Si abusa a volte degli accostamenti con l’Inter del Triplete: vede qualche analogia nel percorso?
"E’ sempre sbagliato fare dei confronti. Ma ricordo bene che la stagione del Triplete iniziò con una sconfitta in Supercoppa, poi abbiamo vinto tutto. Questo per dire che anche se le cose iniziano in salita, poi possono finire nel migliore dei modi. L’importante è crederci e lavorare bene".

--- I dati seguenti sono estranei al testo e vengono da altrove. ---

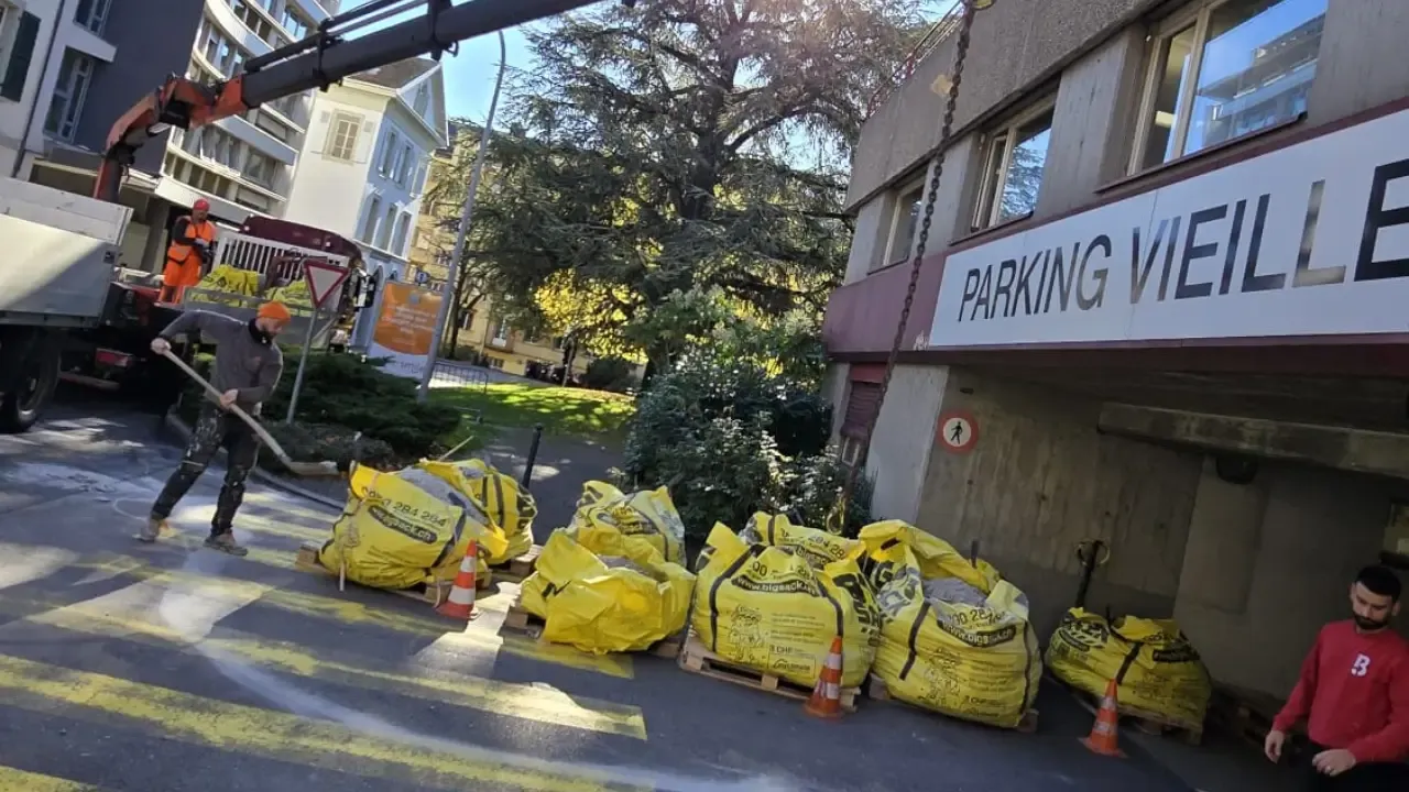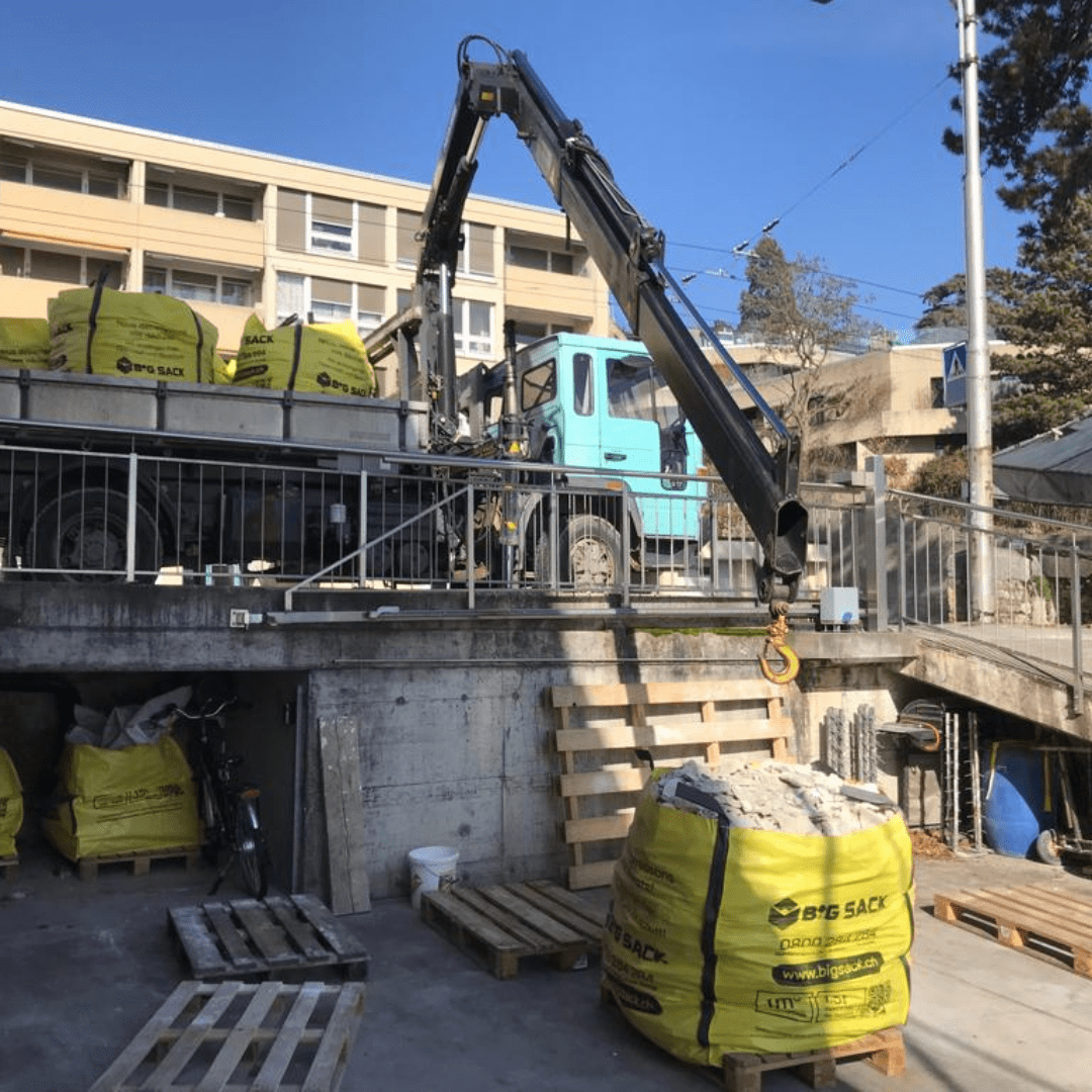 Les sacs 1 m³ sont déplacés sur palette pour couvrir la surface du chantier, sans gêner la circulation.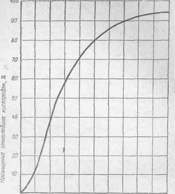 0 10 20 30 40 50 60 70 80 90 100 Парциальное давление кислорода мм. pm.cm. Рис. 2. в момент протекания венозной крови к легким по окончании цикла кровообращения всего 40 мм рт. ст. Таким образом, между венозной я артериальной кровью существует значительный перепад давления, равный 100—40=60 мм рт. ст. Между углекислотой, вдыхаемой с воздухом (парциальное давление 40 мм рт. ст.), и углекислотой, притекающей с венозной кровью к легким по окончании цикла кровообращения (парциальное давление 47—50 мм рт: ст.), перепад давления составляет 7—10 мм рт. ст. В результате существующего перепада давлений кислород переходит из легочных альвеол в кровь, а непосредственно в тканях организма этот кислород из крови диффундирует в клетки (в среду с еще более низким парциальным давлением). Углекислота, наоборот, сначала из тканей переходит в кровь, а затем, при подходе венозной крови к легким, — из крови в альвеолы легкого, откуда она и выдыхается в окружающий воздух (рис. 3).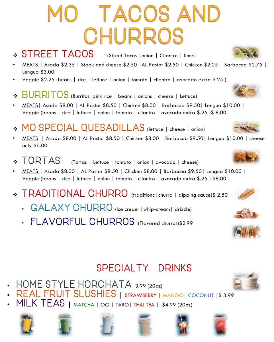 Right in the heart of Fayetteville at 329 N West Ave, the Mo’ Tacos And Churros Menu is the kind of lineup that makes deciding what to order feel like a delicious challenge. You’ll spot street-style tacos loaded with juicy meats, fresh toppings, and just the right kick of heat. From classic carne asada to flavorful chicken and slow-cooked pork, every bite feels thoughtfully stacked and generously portioned.

E’ davvero la difesa il punto di forza di questa squadra?
"E’ il reparto più forte, nessun’altra squadra ce l’ha così. Godin, De Vrij, Skriniar, Handanovic stesso: sono nomi troppo importanti per la squadra, oltre che dei riferimenti per gli altri".

Altro parallelo, Conte alla Mourinho. Anche l’attuale allenatore, come José, ha messo pressione sul mercato.
"Beh, ha bisogno di qualcuno che segni. Capisco il tecnico, è arrivato carico per portare la sua filosofia di gioco e le sue idee. In questo momento non sta lavorando con la rosa al completo, capisco che per lui possa essere difficile. La società lo aiuterà sicuramente a risolvere questo problema mettendogli a disposizione i giocatori che gli servono".

Lukaku e Dzeko sono le soluzioni corrette?
"Sono due campioni, l’hanno già fatto vedere nella loro carriera. Mi piacciono entrambi, sono attaccanti forti che sanno segnare tanto. Non so chi potrà arrivare, uno dei due, tutti e due. Ma si tratta di profili alti". 

I tifosi dell’Inter, intanto, hanno già sposato il progetto a scatola chiusa, raggiungendo il sold out con gli abbonamenti.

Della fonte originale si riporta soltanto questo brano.